Demsash Addisalem Workie, Abebe Rediet, Gezimu Wubishet, Kitil Gemeda Wakgari, Tizazu Michael Amera, Lembebo Abera, Bekele Firomsa, Alemu Solomon Seyife, Jarso Mohammedamin Hajure, Dube Geleta, Wedajo Lema Fikadu, Purohit Sanju, Kalayou Mulugeta Hayelom
Debre Berhan University, Asrat Woldeyes Health Science Campus, Public Health Department, Debre Berihan, Ethiopia.
Mattu University, Health Science College, Mettu, Ethiopia.
BMC Infect Dis. 2025 May 2;25(1):647. doi: 10.1186/s12879-025-10916-4.
Pneumonia is the leading cause of child morbidity and mortality and accounts for 5.6 million under-five child deaths. Pneumonia has a significant impact on the quality of life, the country's economy, and the survival of children. Therefore, this study aimed to develop data-driven predictive model using machine learning algorithms to predict pneumonia and stratify the determinant factors among children aged 6-23 months in Ethiopia.
A total of 2035 samples of children were used from the 2016 Ethiopian Demographic and Health Survey dataset. Jupyter Notebook from Anaconda Navigators was used for data management and analysis. Important libraries such as Pandas, Seaborn, and Numpy were imported from Python. The data was pre-processed into a training and testing dataset with a 4:1 ratio, and tenfold cross-validation was used to reduce bias and enhance the models' performance. Six machine learning algorithms were used for model building and comparison, and confusion matrix elements were used to evaluate the performance of each algorithm. Principal component analysis and heatmap function were used for correlation detection between features. Feature importance score was used to identify and stratify the most important predictors of pneumonia.
From 2035 total samples, 16.6%, 20.1%, and 24.2% of children had short rapid breath, fever, and cough respectively. The overall magnitude of pneumonia among children aged 6-23 months was 31.3% based on the 2016 EDHS report. A random forest algorithm is the relatively best performance model to predict pneumonia and stratify its determinates with 91.3% accuracy. The health facility visits, child sex, initiation of breastfeeding, birth interval, birth weight, husbands' education, women's age, and region, are the top eight important predictors of pneumonia among children with important scores of more than 5% to 20% respectively.
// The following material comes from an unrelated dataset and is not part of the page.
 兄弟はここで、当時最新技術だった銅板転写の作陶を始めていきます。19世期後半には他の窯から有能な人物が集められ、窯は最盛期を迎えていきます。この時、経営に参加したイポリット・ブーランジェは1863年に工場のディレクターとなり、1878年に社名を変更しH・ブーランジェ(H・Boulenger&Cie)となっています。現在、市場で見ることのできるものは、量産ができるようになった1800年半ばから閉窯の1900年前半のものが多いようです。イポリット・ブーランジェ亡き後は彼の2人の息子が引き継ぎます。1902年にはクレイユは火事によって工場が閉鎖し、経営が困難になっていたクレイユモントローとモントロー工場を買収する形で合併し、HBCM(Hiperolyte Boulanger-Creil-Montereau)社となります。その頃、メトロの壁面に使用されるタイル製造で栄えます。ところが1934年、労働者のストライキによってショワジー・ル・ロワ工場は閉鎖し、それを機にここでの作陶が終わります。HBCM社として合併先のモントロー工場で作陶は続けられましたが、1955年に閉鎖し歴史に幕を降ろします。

Random forest is the best model to predict pneumonia and stratify its determinant factors. The implications of this study are profound for advanced research methodology, tailored to promote effective health interventions such as lifestyle modification and behavioral intervention, based on individuals' unique features, specifically for stakeholders to take proactive childcare interventions. The study would serve as pioneering evidence for future research, and researchers are recommended to use deep learning algorithms to enhance prediction accuracy.
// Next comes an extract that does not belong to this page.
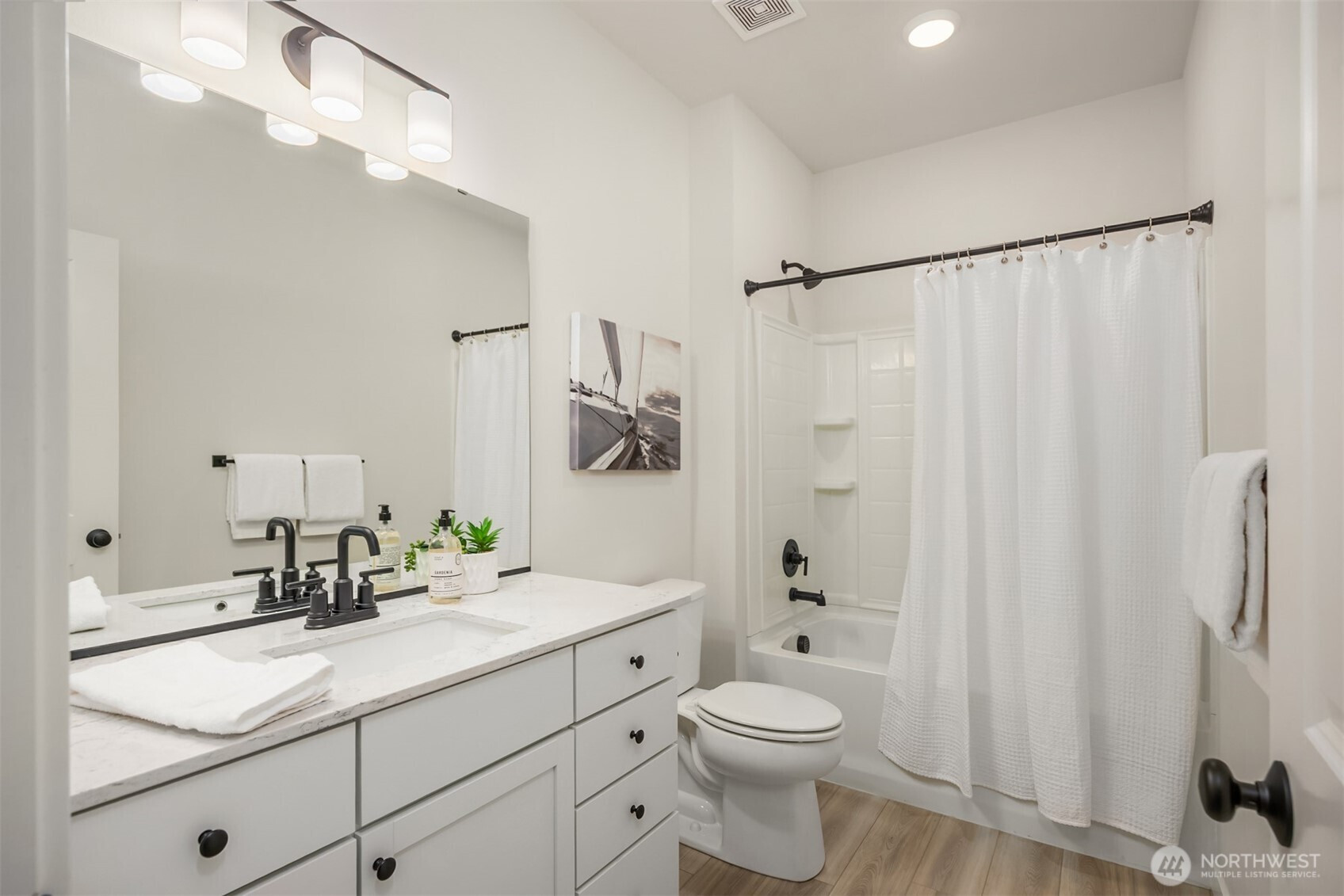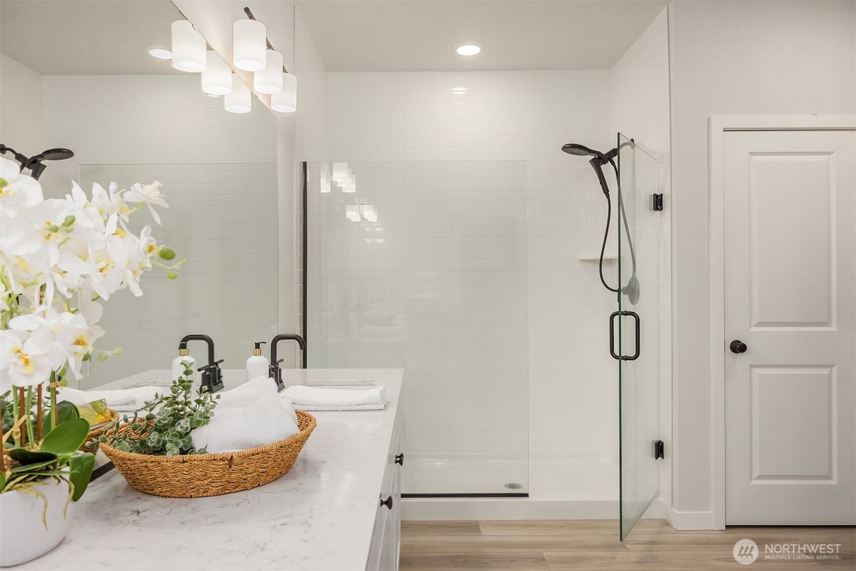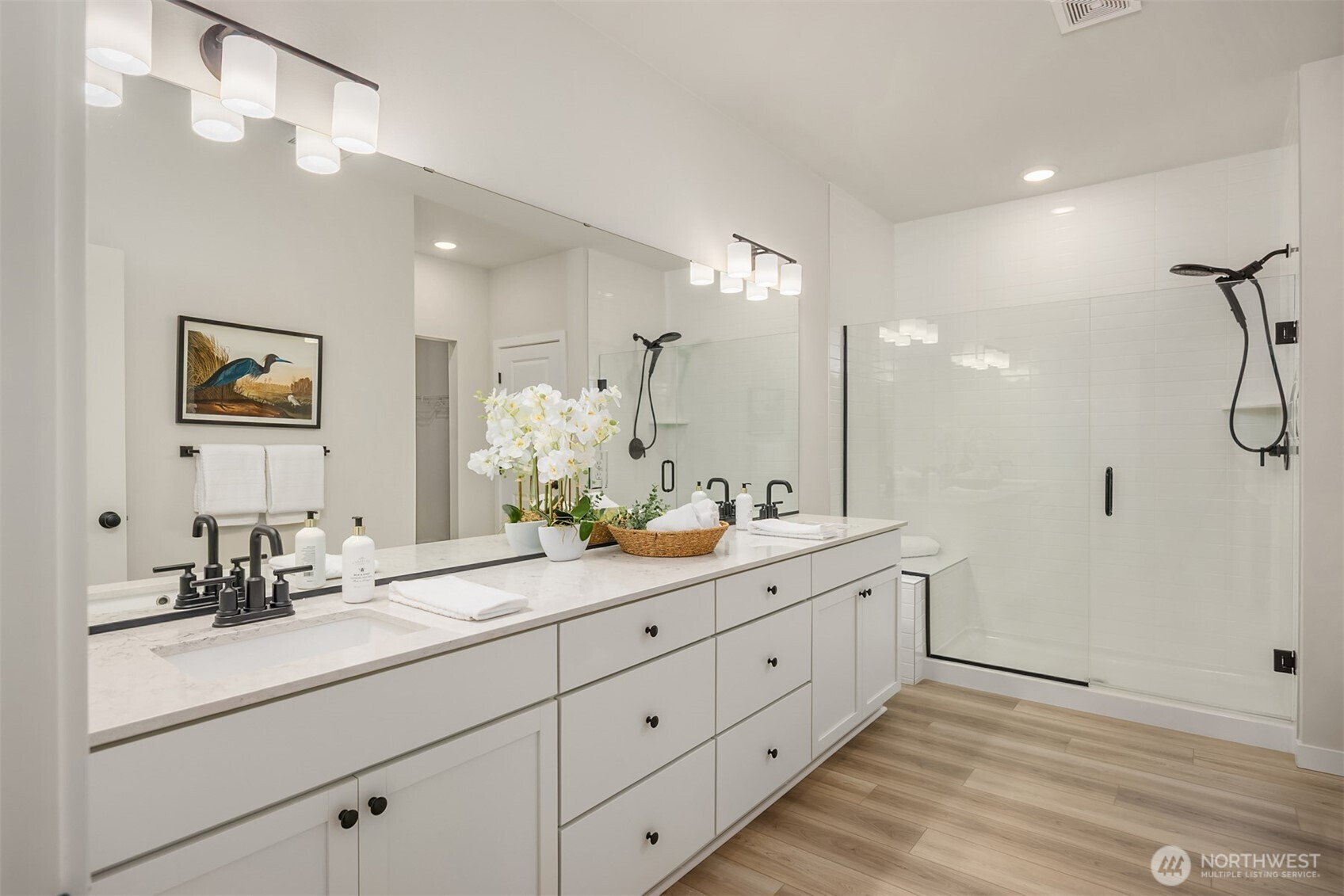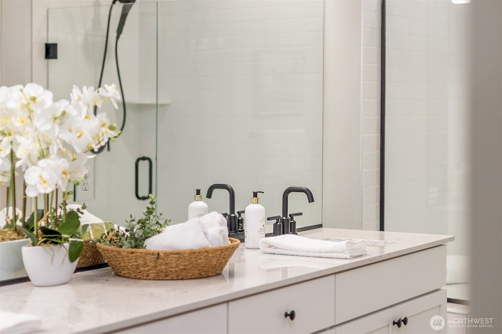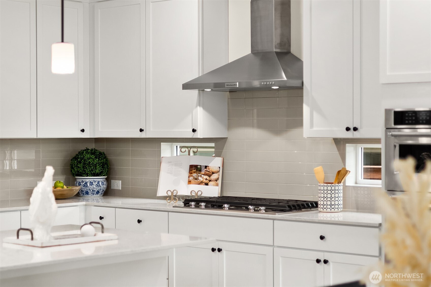 Immaculate Move-In Ready Rambler! This impeccably designed 2,237 SF, 3-bedroom, 2-bath one story home showcases sophisticated living with a light-filled, open-concept layout and soaring ceilings. At the heart of the home, the chef’s kitchen impresses with an expansive island, white soft-close, dovetail cabinetry, quartz countertops, full-height subway tile backsplash, gas cooktop, built-in wall oven, and a generous walk-in pantry. The elegant great room features a gas fireplace and seamless access to a covered outdoor living space, complete with a BBQ gas stub—perfect for effortless indoor-outdoor entertaining or just a place to relax with your morning coffee. Beautifully landscaped, sunny yard that is private, fully fenced, and has a new sprinkler system. The serene primary suite offers a spa-caliber bath with a beautifully tiled walk-in shower, built-in bench, and frameless glass enclosure. Thoughtfully curated finishes include matte black fixtures, wrapped interior windows, and designer touches throughout. Additional upgrades that elevate the home are plantation shutters, epoxy-finished garage flooring, luxury vinyl planked flooring, and spacious cabinets and sink in the laundry room. Ideally located near schools with convenient access to Naval Base Kitsap, Keyport, downtown Poulsbo, and both Kingston and Bainbridge ferries.

肺炎是儿童发病和死亡的主要原因,占560万五岁以下儿童死亡病例。肺炎对生活质量、国家经济和儿童生存有着重大影响。因此,本研究旨在使用机器学习算法开发数据驱动的预测模型,以预测埃塞俄比亚6至23个月大儿童的肺炎情况并对决定因素进行分层。
从2016年埃塞俄比亚人口与健康调查数据集选取了总共2035个儿童样本。使用Anaconda Navigators中的Jupyter Notebook进行数据管理和分析。从Python导入了诸如Pandas、Seaborn和Numpy等重要库。数据以4:1的比例预处理为训练和测试数据集,并使用十折交叉验证来减少偏差并提高模型性能。使用六种机器学习算法进行模型构建和比较,并使用混淆矩阵元素来评估每种算法的性能。主成分分析和热图函数用于检测特征之间的相关性。特征重要性得分用于识别和分层肺炎最重要的预测因素。
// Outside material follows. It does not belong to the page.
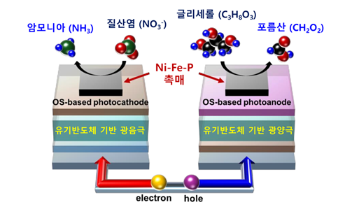 기존에는 이같은 전환 반응에 높은 외부 전압이 필요했지만, 연구팀은 유기반도체 기반 광전극과 니켈-철-인(Ni-Fe-P) 촉매를 결합해 무전압 반응을 구현했다. 광음극에서는 질산염을 암모니아로, 광양극에서는 글리세롤을 포름산으로 전환한다.

在总共2035个样本中,分别有16.6%、20.1%和24.2%的儿童出现呼吸急促、发热和咳嗽症状。根据2016年埃塞俄比亚人口与健康调查(EDHS)报告,6至23个月大儿童的肺炎总体发病率为31.3%。随机森林算法是预测肺炎及其决定因素的相对最佳性能模型,准确率达91.3%。医疗机构就诊、儿童性别、母乳喂养开始情况、生育间隔、出生体重、丈夫教育程度、妇女年龄和地区,是肺炎最重要的八个预测因素,重要性得分分别超过5%至20%。
随机森林是预测肺炎及其决定因素的最佳模型。本研究对于先进研究方法具有深远意义,这些方法旨在根据个体独特特征促进有效的健康干预措施,如生活方式改变和行为干预,特别是为利益相关者采取积极的儿童保育干预措施提供依据。该研究将为未来研究提供开创性证据,建议研究人员使用深度学习算法提高预测准确性。